--- EXTRACTED DATA ---
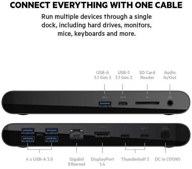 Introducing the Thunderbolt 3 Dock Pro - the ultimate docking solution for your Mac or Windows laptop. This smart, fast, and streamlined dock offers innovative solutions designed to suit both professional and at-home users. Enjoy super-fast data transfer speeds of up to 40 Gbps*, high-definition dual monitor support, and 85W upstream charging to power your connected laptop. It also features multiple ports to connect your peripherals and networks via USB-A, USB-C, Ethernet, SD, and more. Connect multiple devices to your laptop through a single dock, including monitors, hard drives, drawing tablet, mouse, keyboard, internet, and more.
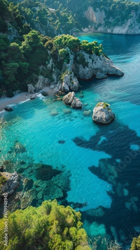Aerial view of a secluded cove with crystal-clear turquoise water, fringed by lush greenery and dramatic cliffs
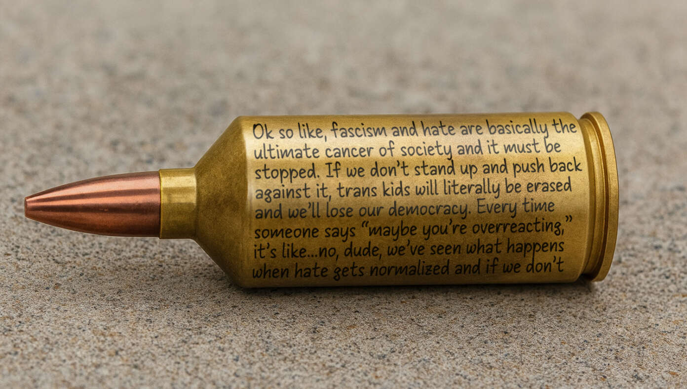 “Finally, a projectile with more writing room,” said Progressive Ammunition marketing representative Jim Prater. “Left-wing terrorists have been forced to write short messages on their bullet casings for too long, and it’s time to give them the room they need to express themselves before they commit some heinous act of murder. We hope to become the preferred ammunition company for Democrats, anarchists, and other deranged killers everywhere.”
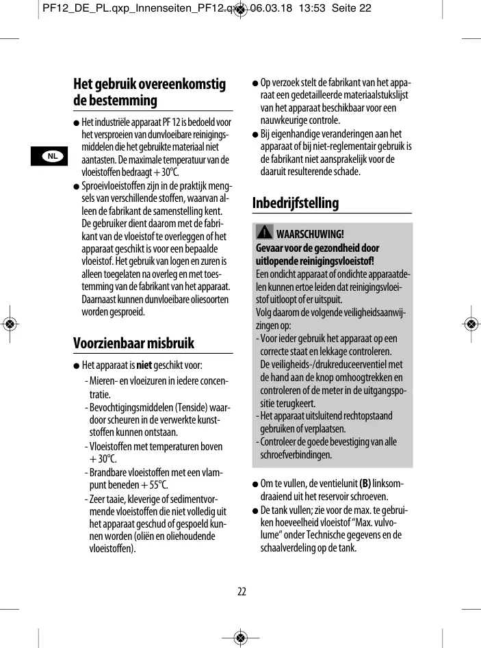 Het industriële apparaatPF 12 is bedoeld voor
---
--- EXTRACTED DATA ---
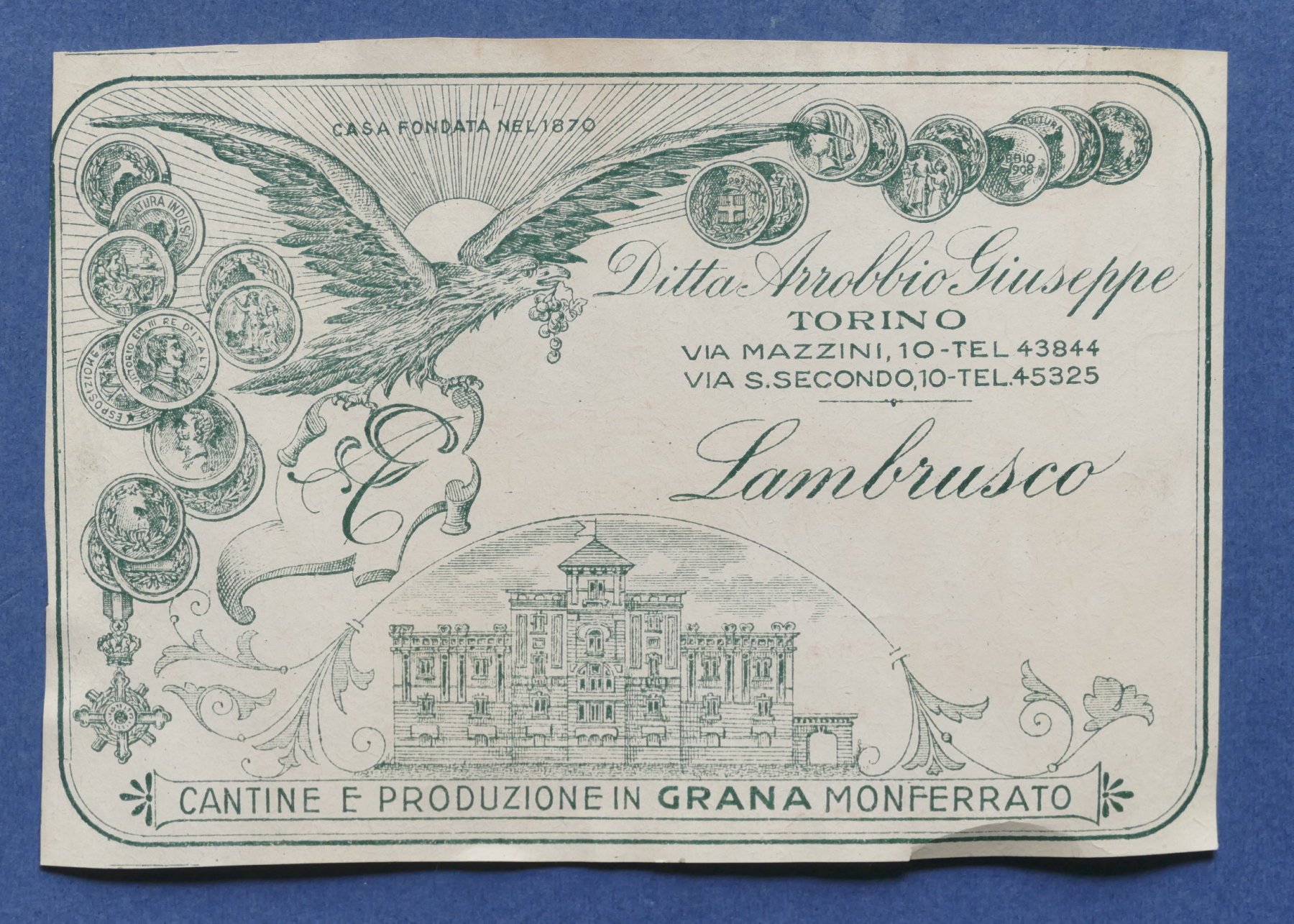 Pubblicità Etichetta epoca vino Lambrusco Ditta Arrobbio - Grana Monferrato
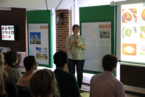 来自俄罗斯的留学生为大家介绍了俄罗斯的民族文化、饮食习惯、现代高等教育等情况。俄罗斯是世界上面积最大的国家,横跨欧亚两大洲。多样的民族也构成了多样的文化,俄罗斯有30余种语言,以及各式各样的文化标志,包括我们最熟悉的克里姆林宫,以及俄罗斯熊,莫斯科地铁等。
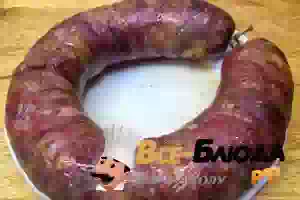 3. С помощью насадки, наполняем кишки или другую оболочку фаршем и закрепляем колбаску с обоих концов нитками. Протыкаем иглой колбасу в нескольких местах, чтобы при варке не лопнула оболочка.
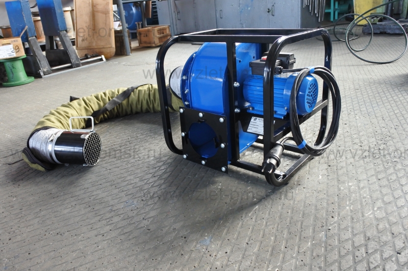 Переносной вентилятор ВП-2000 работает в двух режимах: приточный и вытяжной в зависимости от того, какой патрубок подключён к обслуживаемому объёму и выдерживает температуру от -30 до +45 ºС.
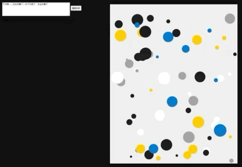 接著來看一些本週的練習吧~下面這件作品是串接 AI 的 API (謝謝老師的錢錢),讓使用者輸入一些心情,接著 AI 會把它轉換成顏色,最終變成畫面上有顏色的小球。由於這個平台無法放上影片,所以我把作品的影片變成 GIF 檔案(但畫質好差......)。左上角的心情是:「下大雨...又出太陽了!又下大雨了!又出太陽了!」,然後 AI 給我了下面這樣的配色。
---
▸ **WORK TO BE COMPLETED**
Print exactly the lines above that run from the one with "Introducing the Thunderbolt" to the one with "Aerial view of", both included. No pictures.

▸ **RESULT**
 Introducing the Thunderbolt 3 Dock Pro - the ultimate docking solution for your Mac or Windows laptop. This smart, fast, and streamlined dock offers innovative solutions designed to suit both professional and at-home users. Enjoy super-fast data transfer speeds of up to 40 Gbps*, high-definition dual monitor support, and 85W upstream charging to power your connected laptop. It also features multiple ports to connect your peripherals and networks via USB-A, USB-C, Ethernet, SD, and more. Connect multiple devices to your laptop through a single dock, including monitors, hard drives, drawing tablet, mouse, keyboard, internet, and more.
Aerial view of a secluded cove with crystal-clear turquoise water, fringed by lush greenery and dramatic cliffs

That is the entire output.